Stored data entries
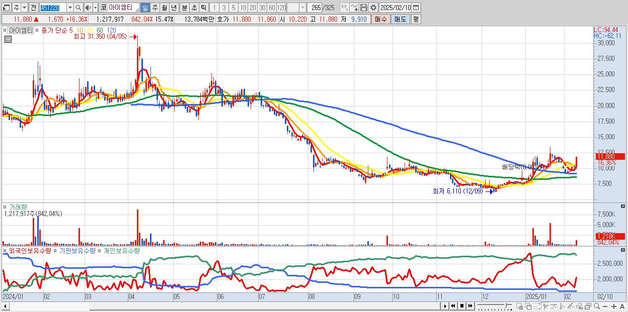 - 아이엠티 (11,880원 ▲ 16.36% , 시총: 936억, 거래량: 1,217,917, 거래대금:138억)
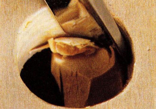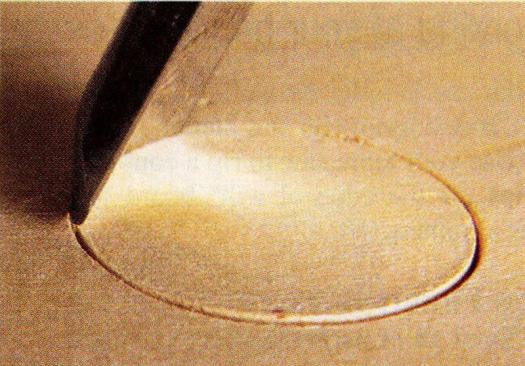 A well-made gouge will inscribe a perfect circle. Begin by inscribing a circle where you want the hole. Be sure to keep the beveled edge of the gouge vertical. Remove the wood inside the circle using the same gouge. Repeat the process as many times as necessary, always keeping the beveled edge of the gouge vertical. Care is necessary when the exit side of the hole is reached. Twist the gouge as you cut your way out of the wood in order to prevent splintering the exit side. If you are careful, your gouge-drilled hole can be as accurate as anything you would get with a drill.
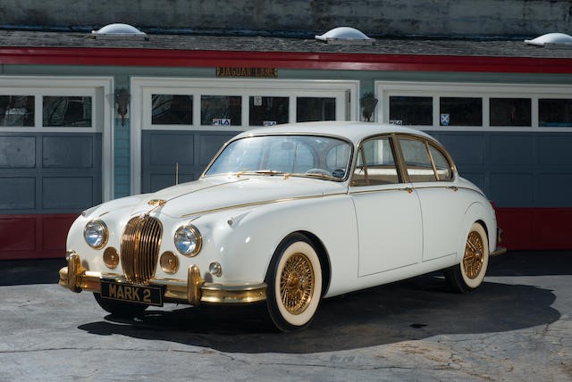 1960 : Jaguar présente la MK2 au salon de New-York City (USA). A cette occasion la firme fabrique une MK2 spéciale : The Golden Jaguar avec tous les éléments chromés intérieurs et extérieurs plaqués or (pare-chocs, calandre, poignées de portières, jantes, valves de pneus, embouts d’échappement, lève-glaces, contacteurs, cendriers …), la peinture est réalisée manuellement en blanc et l’intérieur garni de cuir blanc. La voiture est présentée par Dorothy Mc Donough qui reçoit une tenue adaptée : robe spécialement conçue en fils d’or 24 K, porte-jarretelles en or, de même que les chaussures, bijoux, y compris une tiare en or sertie de 1000 diamants, donnée par Napoléon à l’impératrice Joséphine, et prêtée par Van Cleef & Arpels.
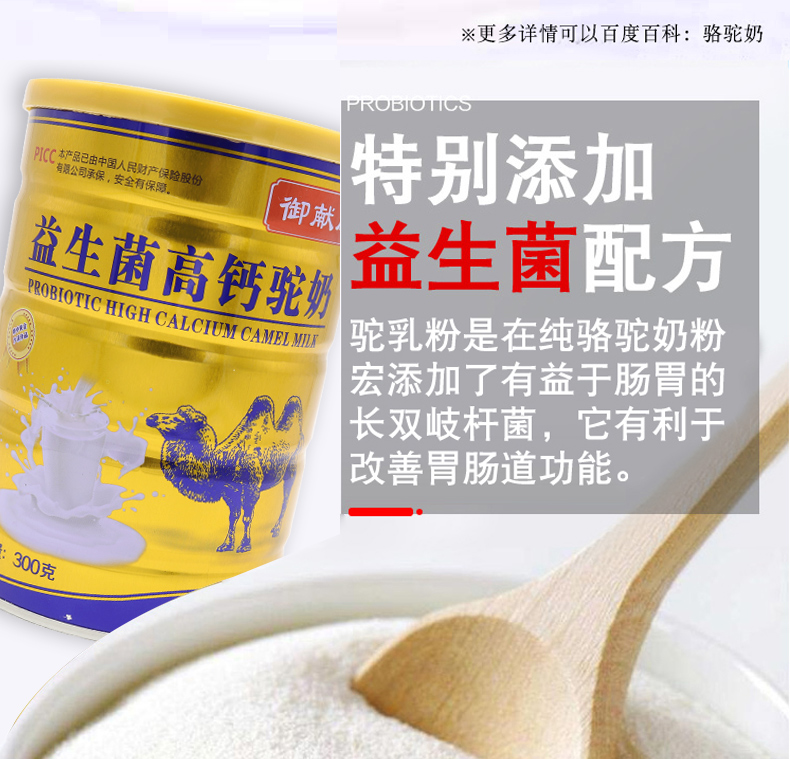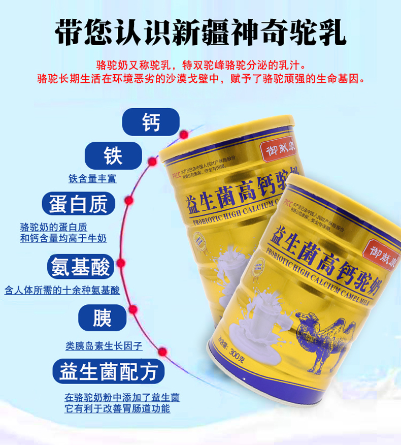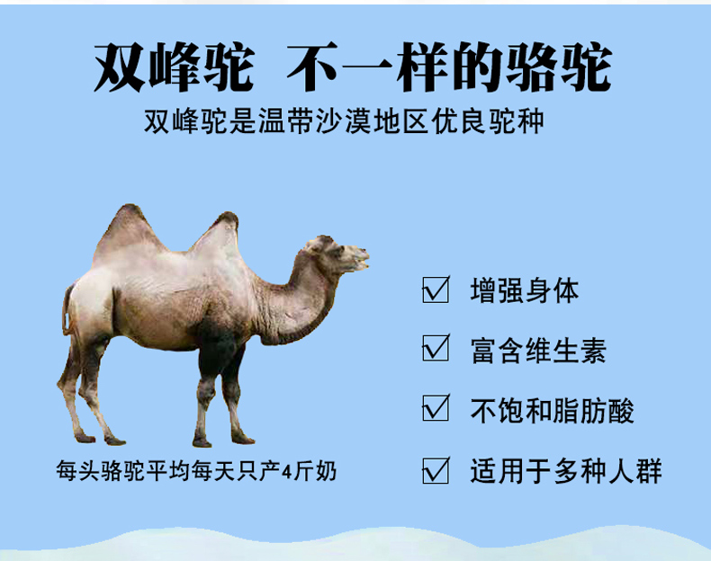 线下专柜爆款,我们不一样,源自中国骆驼之乡“阿拉善”,双峰骆驼产奶较少,营养价值更高,全脂驼乳粉,无任何添加,安全健康,有天然胰岛素钙、铁,蛋白质含量高,适合各个年龄段吸收【七天无理由退换】
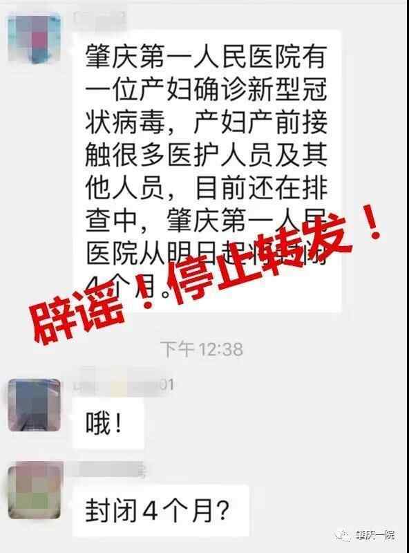 近日,记者发现有市民通过互联网和朋友圈发布“肇庆第一人民医院有一位产妇确诊新型冠状病毒,产妇产前接触很多医护人员及其他人员,目前还在排查中,肇庆第一人民医院从明日起将封闭4个月。”“第14例现在在第一人民医院ICU,封开的医护人员已经需要隔离,第一医院的也要,接触他的183人。”等信息。记者从肇庆市第一人民医院获悉,以上消息皆为不实信息。
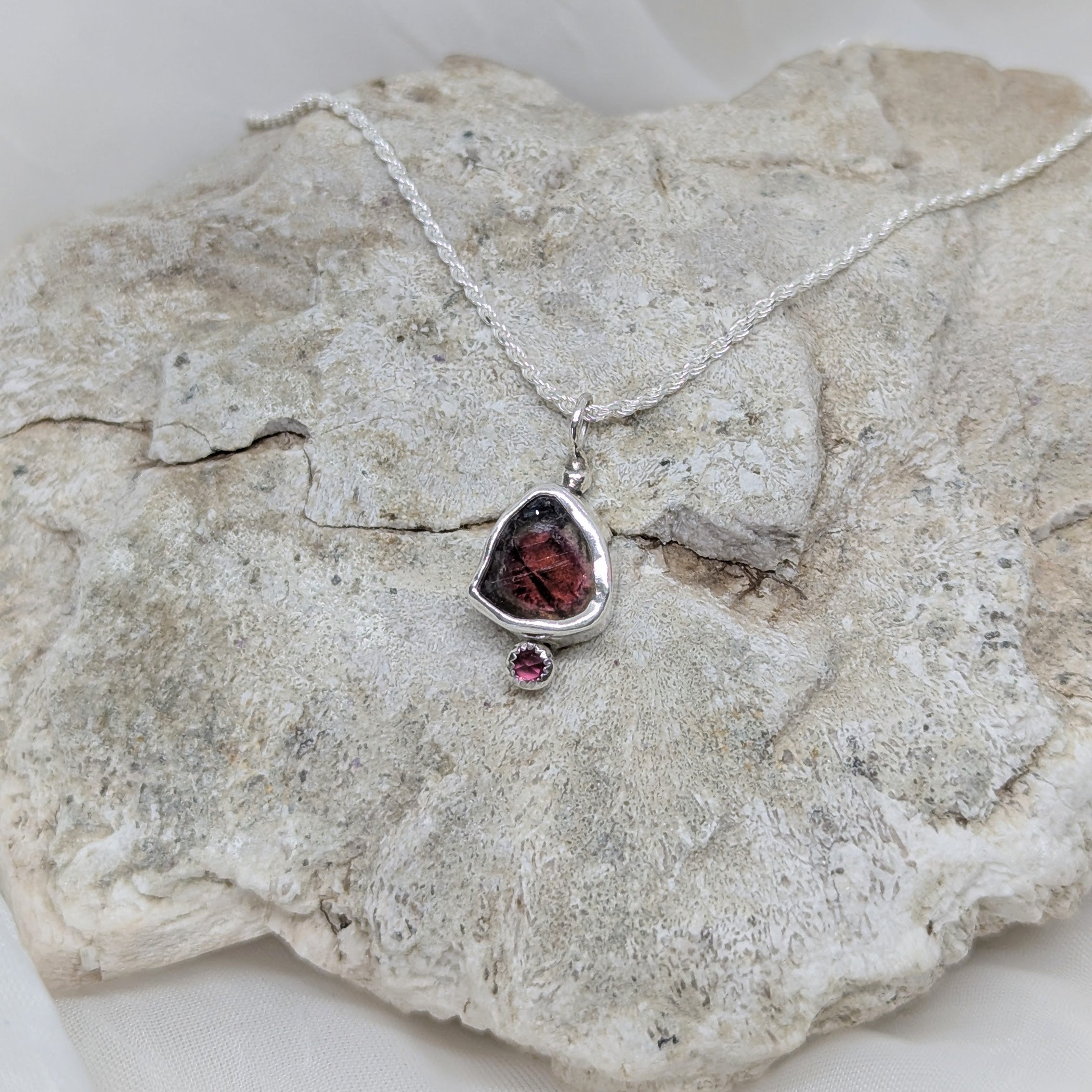 Slice into summer style with this whimsical watermelon tourmaline pendant—nature's candy in gemstone form. Paired with a delicate pink garnet accent, this necklace captures the perfect balance of playful charm and timeless elegance. A conversation starter that feels both classic and refreshingly one-of-a-kind, it's the kind of piece that makes you smile every time you catch your reflection.
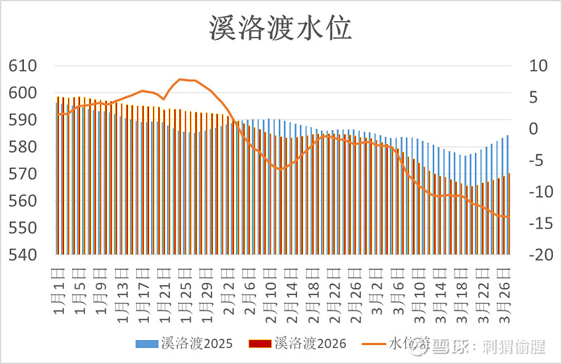 溪洛渡水位570.2米,比去年同期低了13.98米。

Work request: Nothing but the lines from the line containing "近日,记者发现有市民通过互联" through the end of the data, both ends included, is to be reproduced, exactly as written and without the pictures.

Task result:
 近日,记者发现有市民通过互联网和朋友圈发布“肇庆第一人民医院有一位产妇确诊新型冠状病毒,产妇产前接触很多医护人员及其他人员,目前还在排查中,肇庆第一人民医院从明日起将封闭4个月。”“第14例现在在第一人民医院ICU,封开的医护人员已经需要隔离,第一医院的也要,接触他的183人。”等信息。记者从肇庆市第一人民医院获悉,以上消息皆为不实信息。
 Slice into summer style with this whimsical watermelon tourmaline pendant—nature's candy in gemstone form. Paired with a delicate pink garnet accent, this necklace captures the perfect balance of playful charm and timeless elegance. A conversation starter that feels both classic and refreshingly one-of-a-kind, it's the kind of piece that makes you smile every time you catch your reflection.
 溪洛渡水位570.2米,比去年同期低了13.98米。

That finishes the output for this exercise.